• [WHAT TO WORK ON]: Quote only the span from the first line of the entries to the line containing "De 100 jaar", both ends kept. Leave every picture out.

*** Opening SOURCE DATA ***

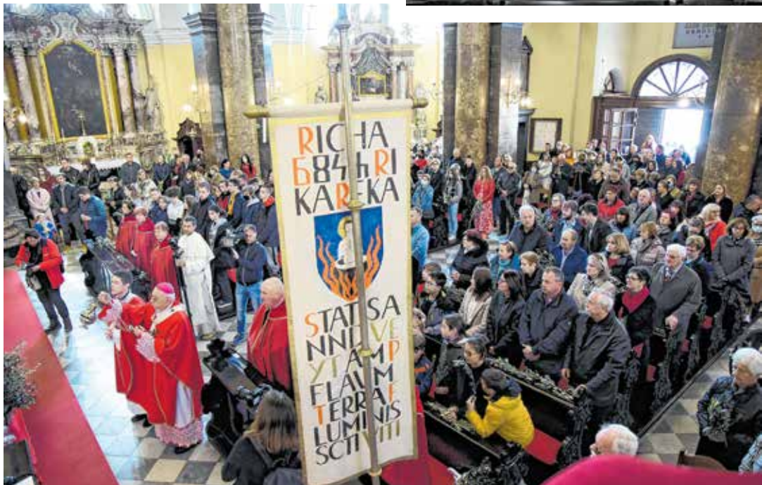
Cvjetnica u riječkoj katedrali
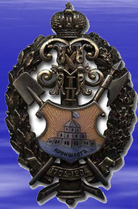
Знак 200 лет крепости Кроншлот

Пётр Первый придавал этой крепости огромное значение. В инструкции коменданту Кроншлота говорилось: «Содержать сию цитадель с Божьей помощью, аще случится, хотя до последнего человека... Зело надлежит стеречься неприятельских брандеров. При приближении к крепости нейтральных кораблей давать по ним предупредительный выстрел, чтобы опустили паруса и бросили якорь; в случае неповиновения открывать огонь». В годы Северной войны войска Кроншлота не раз отражали нападения шведского флота. Пётр утверждал, «что неприятель в море близко появиться не смеет... В Петербурге спать будем спокойно».
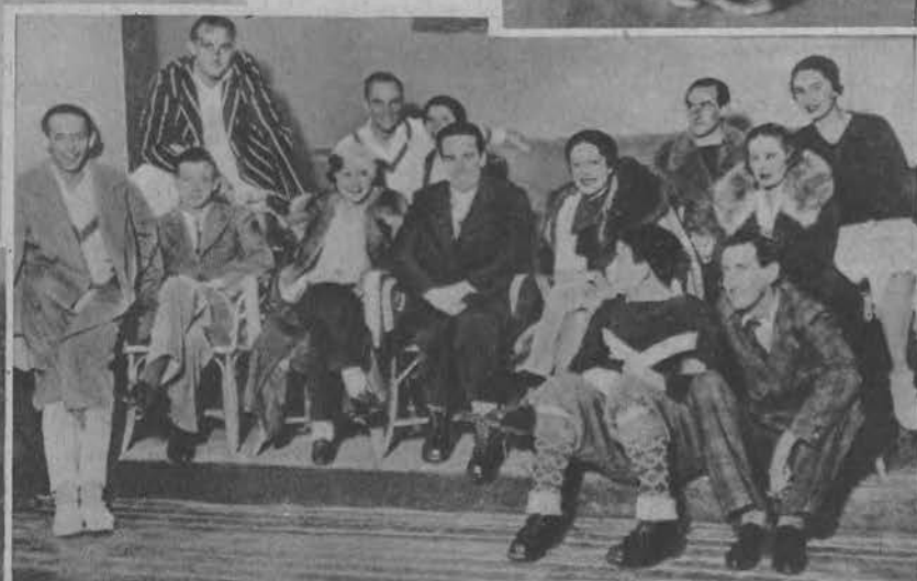
Na turnieju tenisowym w hotelu „Palace”. Od lewej: Borotra, Mayer, Sonia Henie, Harold Lloyd, Zuzanna Lenglen.
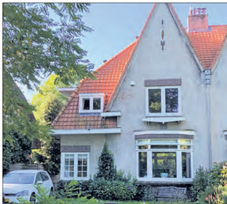
De 100 jaar oude woning is volledig verduurzaamd.

Huiseigenaar Koert Ruiken uit Bilthoven geeft op zaterdag 2 april om 10.00 uur een rondleiding in zijn duurzame jaren '20-woning. Tijdens deze thematour laat hij bezoekers zien hoe hij zijn bijna 100 jaar oude woning aardgasvrij heeft gemaakt met isolatie en een warmtepomp(boiler). Geïnteresseerden zijn van harte welkom om ideeën op te doen voor het verduurzamen van hun eigen woning en al hun vragen aan Koert te stellen. Inschrijven
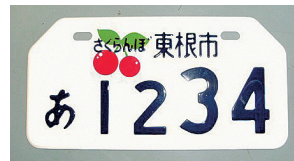
2009.2 生産量日本一のさくらんぼ
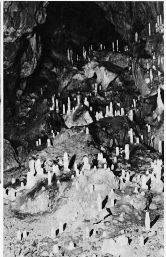
Desno: Ledenica pod Taborom, nedaleč od Županove jame. Svojčas so Kraševci prekrbovali primorska mesta z ledom iz takih ledenic

V bolj južnih krajih, kjer voda po zimi sploh ne zmrzuje, so bili in so deloma še danes navezani ali na uvoz ledu od drugod, ali ga pa dobivajo tu in tam iz naravnih »ledenice«, t. j. podzemeljskih jam, v katerih se tvori led. Takih jam imamo v apnenastem ozemlju zelo mnogo. Nahajajo se n. pr. tudi v Kamniških Alpah, na Veliki planini (V Kofcih, Mala veternica, Velika veternica), vendar pa te za gospodarsko izrabo ne pridejo v poštev. Toľiko važnejše so pa nekoč bile ledenice na Krasu. Iz Friedrichsteinske ledenice pri Kočevju led izvažajo menda še sedaj. Najbolj pa so kmetje svojčas izkoriščali slične jame na Nanosu in v Trnovskem gozdu. Na Nanosu nosita dve celo ime »ledenik« in sicer sta to Veliki in Mali Trški ledenik. Iz obeh so okoličani jemali led in ga vozili v Trst; zadnjič se je to zgo-
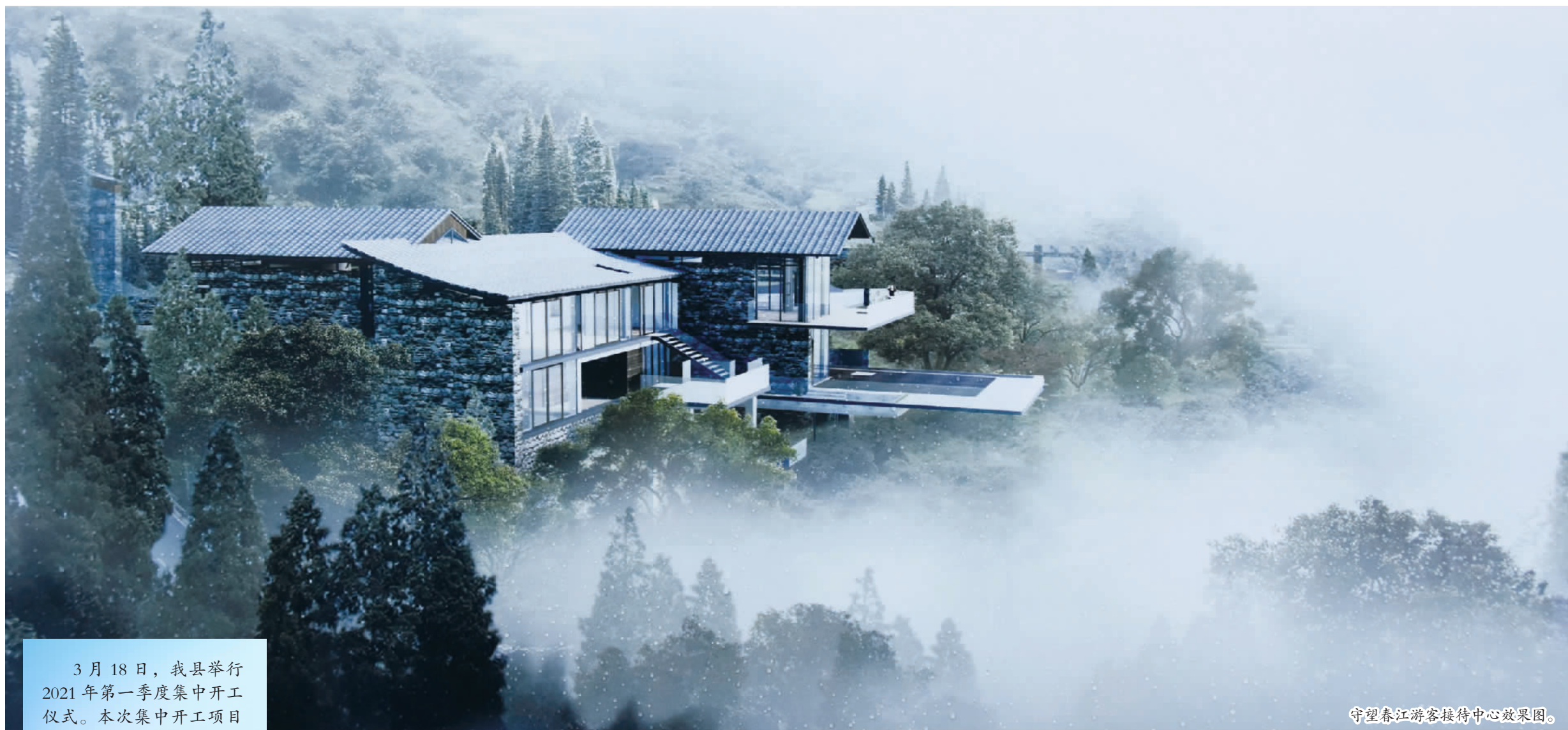
守望春江游客接待中心效果图。

3月18日,我县举行2021年第一季度集中开工仪式。本次集中开工项目34个,总投资53.7亿元。共设4个开工会场,分别为春泉至龙雾旅游公路项目、两坪乡溪沟岸线环境综合整治工程、鸿泰·龙门汇、巫峡·神女景区AAAAA创建提升工程。

*** Closing SOURCE DATA ***

• [OUTPUT BELOW]:
Cvjetnica u riječkoj katedrali
Знак 200 лет крепости Кроншлот

Пётр Первый придавал этой крепости огромное значение. В инструкции коменданту Кроншлота говорилось: «Содержать сию цитадель с Божьей помощью, аще случится, хотя до последнего человека... Зело надлежит стеречься неприятельских брандеров. При приближении к крепости нейтральных кораблей давать по ним предупредительный выстрел, чтобы опустили паруса и бросили якорь; в случае неповиновения открывать огонь». В годы Северной войны войска Кроншлота не раз отражали нападения шведского флота. Пётр утверждал, «что неприятель в море близко появиться не смеет... В Петербурге спать будем спокойно».
Na turnieju tenisowym w hotelu „Palace”. Od lewej: Borotra, Mayer, Sonia Henie, Harold Lloyd, Zuzanna Lenglen.
De 100 jaar oude woning is volledig verduurzaamd.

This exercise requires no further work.